Возможность поехать в Европу появилась у Берберовой только летом 1960 года. Она отправилась в Париж в самом конце мая, собираясь вернуться обратно в Америку в первую декаду сентября, к началу занятий в Йеле. В эти три с лишним месяца Берберова вела дневниковые записи, хотя те страницы, в которых говорилось о встречах с родными, друзьями и знакомыми после десятилетней разлуки, она в основном уничтожила. Видимо, Берберова не хотела доносить до потомства, как сдали за эти годы близкие (или просто симпатичные) ей люди. Зато записи, касавшиеся Мины Журно, с которой Берберова встретилась в Риме, потом отправилась в Грецию, а затем вернулась в Париж, она сохранила, видимо, полностью.
Эти записи радикально отличаются от других дошедших до нас дневников Берберовой – и своим тоном (как правило, истерическим), и своей исключительной многословностью. Что же касается содержания, то оно достаточно однообразно и представляет собой главным образом филиппики в адрес Журно.

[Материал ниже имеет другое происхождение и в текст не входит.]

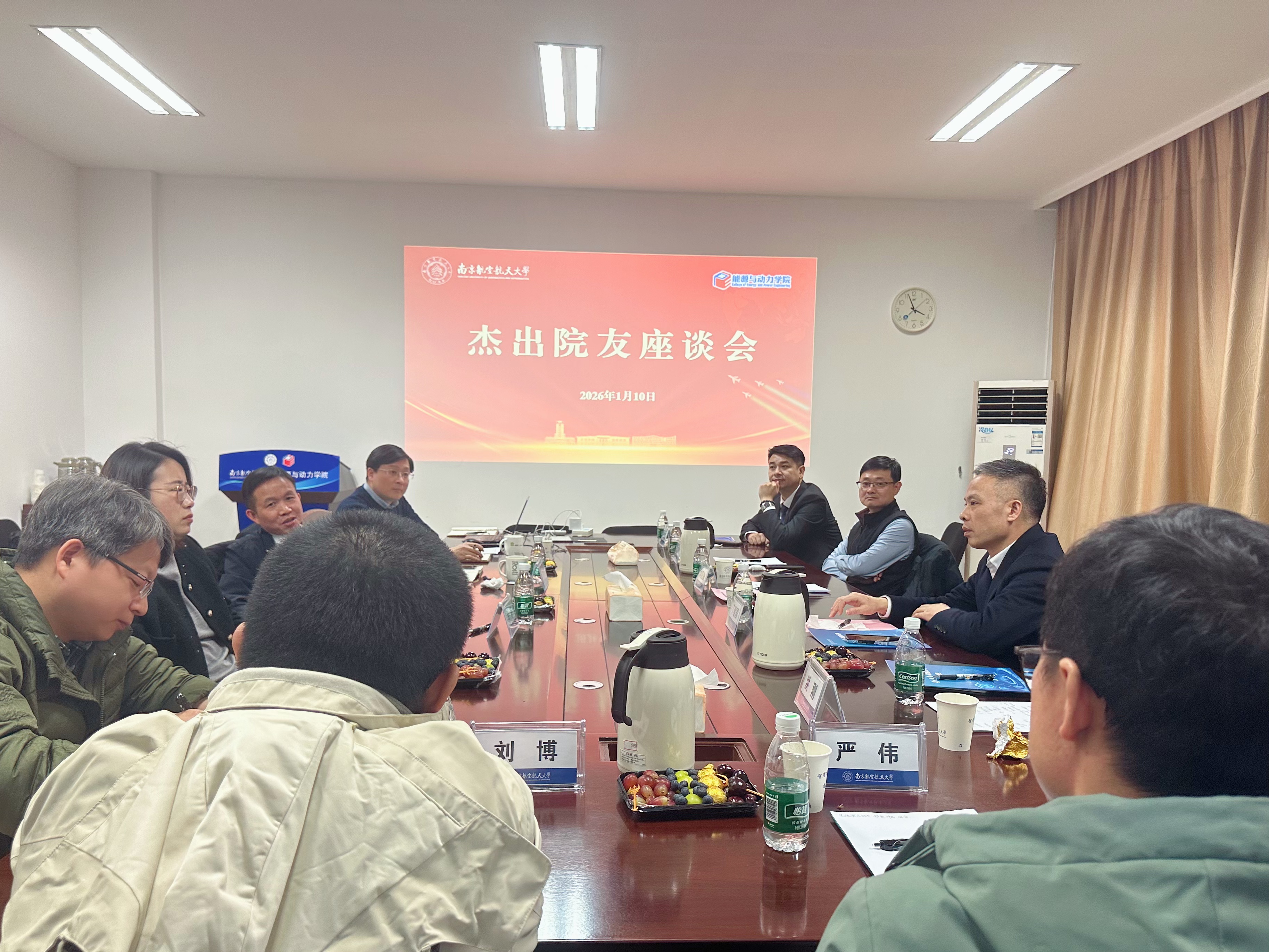 1月10日下午,能源与动力学院在明故宫校区A10-500会议室举办校友座谈会。来自商业航天、航空发动机等领域的八位杰出校友重返学院,与学院党委书记许静、院长谭慧俊、教师和机关办公室代表等齐聚一堂,围绕空天动力事业前沿发展、学科建设与校企协同等话题展开深入交流。会议由党政办公室主任王成军主持。

Даже состояние ее здоровья, очевидно неидеальное, не вызывало у Берберовой ни тревоги, ни сочувствия. Несколько лет назад у Журно был найден туберкулез гортани, и хотя ее вроде бы вылечили, у нее нередко поднималась температура. Когда Берберова впервые услышала о болезни Журно, это известие ее испугало и огорчило. Но, с другой стороны, принесло и известное облегчение: sex appeal Журно, игравший если не главную, то очень важную роль в их отношениях, уже не имел над Берберовой прежней власти.
Раздражение против Журно с каждым днем нарастало, но Берберова старалась его выплеснуть в дневник – в целях психотерапии. Запись от 28 июля в этом смысле типична:
Утром с Миной по магазинам. Завтракали. (До этого сидели «под куполом» на Корсо). По Sistina. Потом ко мне. Она отдыхала, я мыла волосы. Но не было уюта, не было покоя, прелести, веселья. Потом покупали мне туфли, сели на набережной, против Pl. Popolo, в элегантном месте, с чудным видом. Зашло солнце, начали зажигаться огни. Мина отослала свой «Americano», требуя апельсин<овой> корки. Я страдала. Но было так хорошо, и воздух, и птицы, и все. После к ней, и обедать. Покупка джемпера, кот<орый> не подошел, и вечные муки по поводу того, что она толстеет, что-то злое в лице, грязное платье… Чувствую, что это наша, м<ожет> б<ыть>, последняя встреча, во всяком случае последний раз я живу с ней изо дня в день. Тягостно167.
Берберова тщательно фиксирует в дневнике свои разговоры с Журно, неизменно шедшие на повышенных тонах: «…был страшный спор (как всегда ни о чем, больше раздражения, чем логики)», отмечает, как она подурнела: «…вся жесткая, с твердым длинным носом и “каменными” (теперь) глазами; странно толкается, когда ходит, и тяжело кладет свою (не очень чистую) большую руку (горячую от постоянного жара) мне на руку»168, постоянно подчеркивает, каким невыносимым стал ее характер: «Отсутствие в ней чувства юмора меня угнетало и раньше. Теперь появились: бестактность, внутренняя грубость и т. д.»169 Да и рассказ Журно о своих профессиональных успехах вызывает у Берберовой явный скепсис: «Она рассказала мне о том, чем зарабатывает: manager для художников (выставки, пресса – зарабатывает прилично). По ее словам, все ее любят, балуют, задаривают и пр. Со всеми она знакома (Fellini, Moravia и т. д.). М<ожет> б<ыть>, это и так»170.
Только по возвращении в Париж записи, касавшиеся Журно, становятся относительно редкими и более краткими. Берберова была занята другими делами, готовилась к отъезду, прощалась с близкими, с особой болью – с Зайцевой, перенесшей три года назад инсульт, от которого не сумела оправиться: «Вера угасает. <…> Не увижу ее больше, она не протянет двух лет»171.
Что же касается Журно, умирать совершенно не собиравшейся, то с ней Берберова, в свою очередь, внутренне распрощалась, возможно, не без боли, но – одновременно – не без явной озлобленности, как бы мстя за былую зависимость.
«Итак, этот день отъезда наступил, – писала Берберова в дневнике. – С Миной завтракать, потом купили шампанское (я была на взводе). На вокзал с вещами. <…> “Она стояла у состава… Но слов он не произносил”. Мина вся в слезах чего-то ждала. Поезд отошел, и она отошла. Гавр. Погрузка»172.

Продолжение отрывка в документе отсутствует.